Madam Speaker, it is a pleasure to say a few words this afternoon on Bill C-12, the legislation to create an employment insurance system in Canada.
I have been associated with the efforts to modernize and reform Canada's unemployment insurance system for some 12 years. I was a civil servant between 1984 and 1988 in the department which preceded the human resources development department in the area that was working on unemployment insurance reform. For the last eight years as a member of Parliament I have represented a constituency in which unemployment insurance is a very important part of the local economy. I have been associated with many of the efforts to reform the UI program and changes that have been made to that program over the last eight years.
Most recently, as the chair of the human resources development committee I travelled across the country examining the views of Canadians on the reform of Canada's social security system. I had a chance to talk to many Canadians about the need for UI reform and the direction the UI reform process should take.
Bill C-12 has gone through a great deal of study by the Government of Canada, by both the current and previous ministers responsible, as well as members of the House, notably the members of the Standing Committee on Human Resources Development. It represents a major step forward in the difficult task of reforming Canada's system for insuring Canadians against unemployment, for providing Canadians with support and creating conditions for stable employment and job security in a rapidly changing world.
While the changes which are represented in the employment insurance bill do not completely provide the kind of employment insurance we will need to confront our problems in the 21st century, they do go a very long way toward improving and modernizing the present unemployment insurance system. Let me make a few brief important points about what the legislation does.
Basing the new system on hours and not on weeks will create a much more flexible employment insurance system which, in today's job market, will entitle people to employment insurance much more readily than in the past. It will be fairer to seasonal workers. Many of them have concentrated weeks of work in a short time of the year.
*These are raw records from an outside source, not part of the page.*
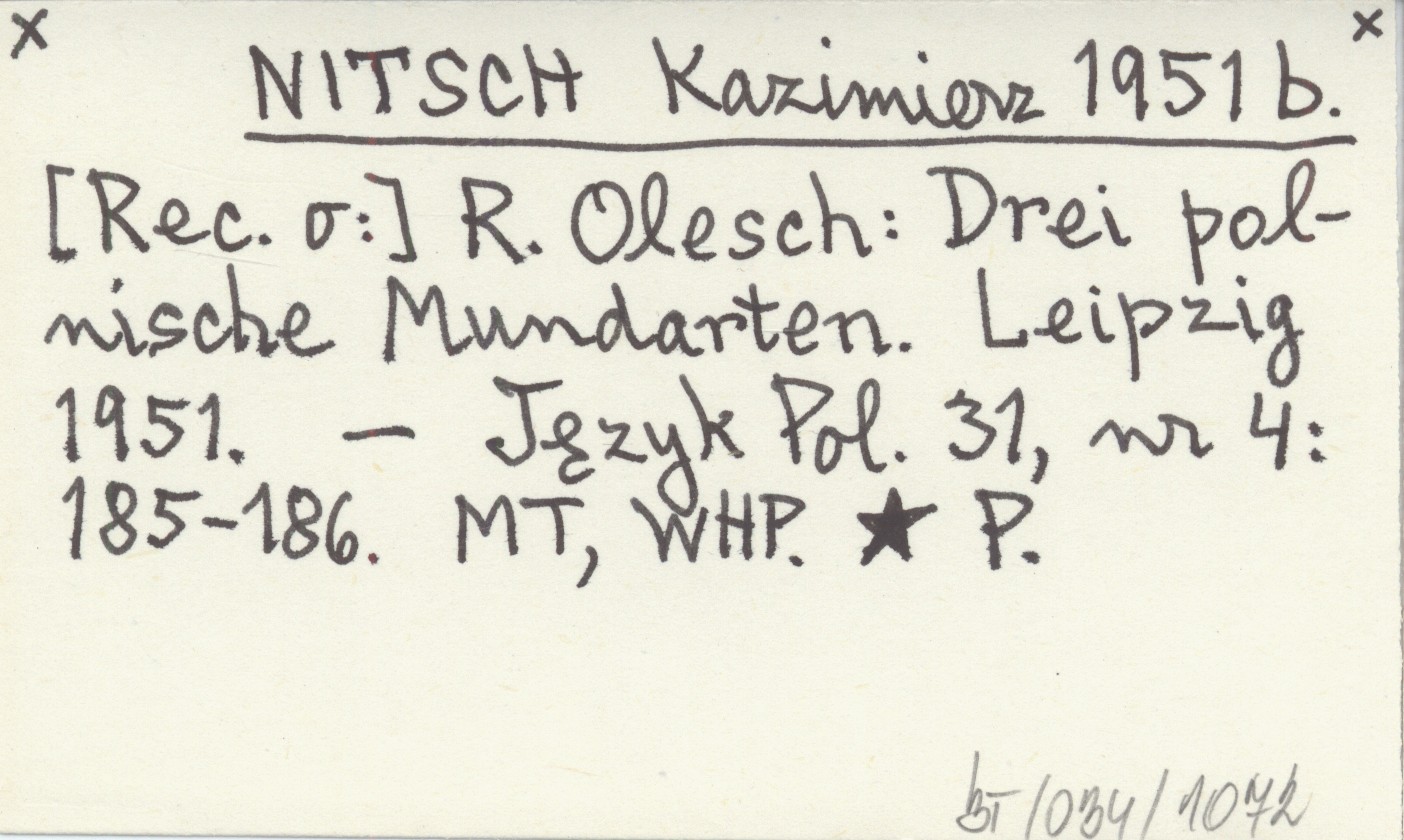 NITSCH Kazimierz 1951 b R. Olesch: Drei polnische Mundartn. Leipzig 1951.
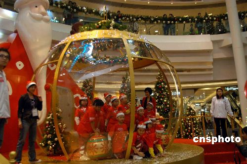 11月27日,香港一商場以“圣誕球的主角”為主題,舉行圣誕裝飾亮燈儀式,小朋友置身“圣誕球”感受另一番的歡和樂。中新社發(fā) 譚達明 攝
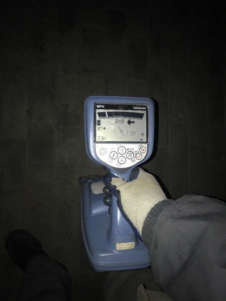 現(xiàn)場了解到,漏水檢測單位根據(jù)對熱力站內(nèi)分集水器環(huán)路壓降情況進行排查,初步確定失水環(huán)路,再通過聲波排查和借助對污水管道的排查確定失水區(qū)域,最后通過使用管線探測定位儀和管線漏水測漏儀精準(zhǔn)確定漏點位置,進行鉆孔探測和標(biāo)記,以備搶修施工人員開挖維修。
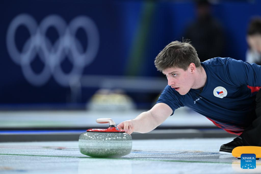 Vit Chabicovsky of the Czech Republic competes during the curling mixed doubles round robin session 9 match between the Czech Republic and Switzerland at the Milan-Cortina 2026 Olympic Winter Games in Cortina D'Ampezzo, Italy, Feb. 7, 2026. (Xinhua/Lian Yi)

If they do not acquire the 12, 13 or 14 weeks under the existing system whether or not they work long hours during those weeks, often they do not qualify for unemployment insurance.
Changing the formula to hours allows seasonal workers easier entitlement and in a shorter period of time. It will also allow workers who can only get part time work to use those hours to build toward their entitlement. Previously in many cases if workers did not work 15 hours a week, they simply did not qualify for unemployment insurance.
It is an improved system because it will provide a much broader coverage for the labour force. It covers every hour worked, not just for those individuals who work a minimum of 15 hours a week. Providing broader coverage not only allows more people access to the employment insurance income benefits which are part of the
program but it also allows more people to have access to the tools for re-employment which are also part of the legislation.
Those tools for re-employment are now only available to people who are getting unemployment insurance benefits. That has created a great deal of confusion and distortion in areas where people would like to take advantage of training programs but do not qualify for unemployment insurance. They are unable to access that benefit. Under this new system those benefits will be more broadly available. More support will be provided for individuals to take advantage of those tools to get back to work.
This new system introduces the notion of allowing people to accumulate and build their entitlement. That is a very powerful incentive to creating more stable and long term jobs especially in those parts of Canada where it is more difficult to create jobs.
The notion of allowing people to accumulate entitlement is in various parts of the bill. It starts with the basis of hours worked rather than weeks worked as a unit of account. The intensity rule is a very astute amendment by the member for Etobicoke-Lakeshore. It allows for people who are repeat users of benefits and who would have their benefit levels reduced through the intensity rule, that by working more hours during that period of unemployment they can build back up their entitlement thereby delaying the effects of the intensity rule.
A number of features in this program are directly suited to people with low incomes. It will give them an opportunity to have more than the 55 or 57 per cent of their earnings replaced through this new system. Through the family income supplements which are part of the new employment insurance system, people with low incomes will be able to have a larger portion of their incomes replaced. That is one of the progressive features of the system.
The new system recognizes the regional differences and the fact that in many parts of the country jobs are much harder to find. The system is regionally differentiated in order to take that into account. The important thing we all have to know in this House is that the fundamental purpose of this legislation has to be to create the conditions for jobs and job creation especially in those parts of Canada where jobs are difficult to create.
The unemployment insurance system cannot be a barrier or obstacle to creating jobs. If it does that, and the old system has done that, then we are fighting against ourselves. We are working at cross purposes and we are not providing the environment Canadians want and need in order to have the jobs that will provide secure incomes for the 21st century. That is why this system is an important improvement to the existing unemployment insurance system in Canada.